Background: In multiple sclerosis (MS), susceptibility-weighted imaging (SWI) may reveal white matter lesions (WML) with a paramagnetic rim ("paramagnetic rim lesions" [PRLs]) or diffuse hypointensity ("core-sign lesions"), reflecting different stages of WML evolution.

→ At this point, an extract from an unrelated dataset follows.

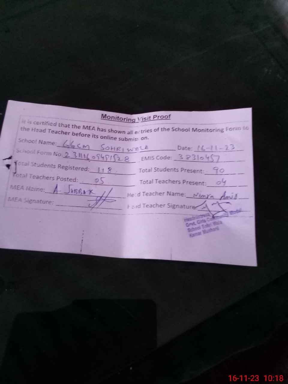 | Attendance Register | Head Teacher | MEA with School | Visit Proof |

Objective: Using the soma and neurite density imaging (SANDI) model on diffusion-weighted magnetic resonance imaging (MRI), we characterized microstructural abnormalities of MS PRLs and core-sign lesions and their clinical relevance.

Methods: Forty MS patients and 20 healthy controls (HC) underwent a 3 T brain MRI. Using SANDI, the fractions of neurite (f_neurite) and soma (f_soma) and size of soma (r_soma) were quantified in PRLs (including their core and rim separately), and core-sign lesions identified on SWI-phase.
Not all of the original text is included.